# Advice on Irrigation System



## JBC-1 (Apr 5, 2020)

Hello everyone,

Looking for some advice on my current irrigation set up. Currently I have 7 sprinkler heads that are on the "house" side of my property that shoot over the sidewalk to the blvd. Last year I ran into some problem with the blvd side not getting enough water (mainly the furthest part from the sprinkler). I had a company come in adjust and change out the sprinkler heads to get more water to those areas, however I found that I would need to run the sprinklers for 45 minutes to an hour to get enough water to those areas. With that said though, all the other areas are getting too much water.

Should I go under the sidewalk, and put some sprinkler heads on the other side? I've spoken to 3 companies last year and one won't go under the side walk, another wants huge money and the last company will do it, but said if the city does any work on the blvd, and they find the irrigation system, they will rip it out.

Any advice, or other options? FYI...Blvd is 10ft wide by 85ft



Just want to add...I had the adjustments made as my lawn was scorched throughout the summer (thought it was not enough water) but turned out to be a chinch bug problem. Did a full overseed in the fall, and kept up on the water and it turned out better than I thought (pic above). I still had to manually water the edges after the irrigation system ran to keep the seeds moist enough to grow. Oh and last year was my first year getting more serious into my lawn.


----------



## mjh648 (Sep 1, 2020)

You have more grass on the street side of the sidewalk than the house side. If you want to properly irrigate with good efficiency then you will have to go underneath. Sidewalk looks pretty new. Why would the city need to work on it anytime soon?>


----------



## JBC-1 (Apr 5, 2020)

mjh648 said:


> You have more grass on the street side of the sidewalk than the house side. If you want to properly irrigate with good efficiency then you will have to go underneath. Sidewalk looks pretty new. Why would the city need to work on it anytime soon?>


Sidewalk is about 16 years old as is the entire neighborhood. I don't think they will need to do anything, but the tech said he see's this type of stuff happen all the time, and said its not worth the hassle, and to just run my sprinklers longer.


----------



## g-man (Jun 15, 2017)

Going underneath that sidewalk will take 2hrs. I would add it as a separate zone so if there is some work on that side, you could just turn that zone off while you fix it without impacting the rest of your lawn.


----------



## mjh648 (Sep 1, 2020)

Do a catch cup test and measure your efficiency. IIRC < 70% is getting into some pretty wasteful systems.


----------



## mjh648 (Sep 1, 2020)

g-man said:


> Going underneath that sidewalk will take 2hrs. I would add it as a separate zone so if there is some work on that side, you could just turn that zone off while you fix it without impacting the rest of your lawn.

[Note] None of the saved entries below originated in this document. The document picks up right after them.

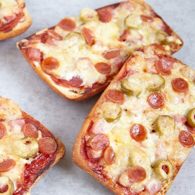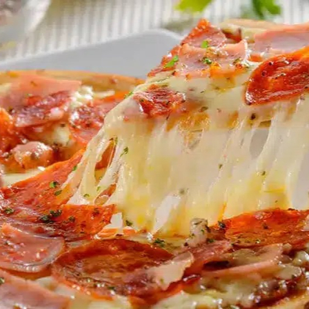 Pepperoni, jamón serrano, jamón de pierna, champiñón, cebolla caramelizada, costra de Oaxaca
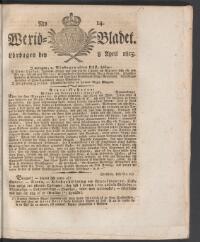 WEXJÖBLADET 1815-04-08 Fritt Upphov Ingen uppgift Utgivningsår 1815 Ingår i samling Wexjöbladet Kategori Tidningsnummer
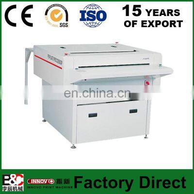 Advanced electric control, finish developing.washing(washing again)gumming,drying in one time, full function; unique dip-tank style plate washing structure. Completely immerging developing; adjustable developing speed, nice CTP developing fur brush, circular chemical, automatic manually two periods chemical supply.

expanding that I believe the key would be to keep the solenoid on the house side of the sidewalk so if the piping was damaged/removed under the sidewalk you could just disable that zone and keep everything else going.


----------



## JBC-1 (Apr 5, 2020)

mjh648 said:


> g-man said:
> 
> 
> > Going underneath that sidewalk will take 2hrs. I would add it as a separate zone so if there is some work on that side, you could just turn that zone off while you fix it without impacting the rest of your lawn.
> ...


Thanks for the ideas. I am contacting a new company to see what they say, and can do.

For the catch cup test I did one last year, but honestly cannot remember. Once my system is turned on, I will do another test if I have not gone under the sidewalk yet.


----------



## mjh648 (Sep 1, 2020)

I bought the catch cups on amazon. Ran for 20 minutes and multiplied by 3 to get my hourly rate. Found the average for all of the cups for each zone and then found the average of the bottom 3 cups. Then you take the bottom 3 average and divide it by the total average to get your efficiency. I was in the 65-75% efficiency so I changed the angles and throws for my nozzles to improve it. Not sure what controller you have but you can actually input all that info into a rachio and it will water appropriately.


----------



## JBC-1 (Apr 5, 2020)

mjh648 said:


> I bought the catch cups on amazon. Ran for 20 minutes and multiplied by 3 to get my hourly rate. Found the average for all of the cups for each zone and then found the average of the bottom 3 cups. Then you take the bottom 3 average and divide it by the total average to get your efficiency. I was in the 65-75% efficiency so I changed the angles and throws for my nozzles to improve it. Not sure what controller you have but you can actually input all that info into a rachio and it will water appropriately.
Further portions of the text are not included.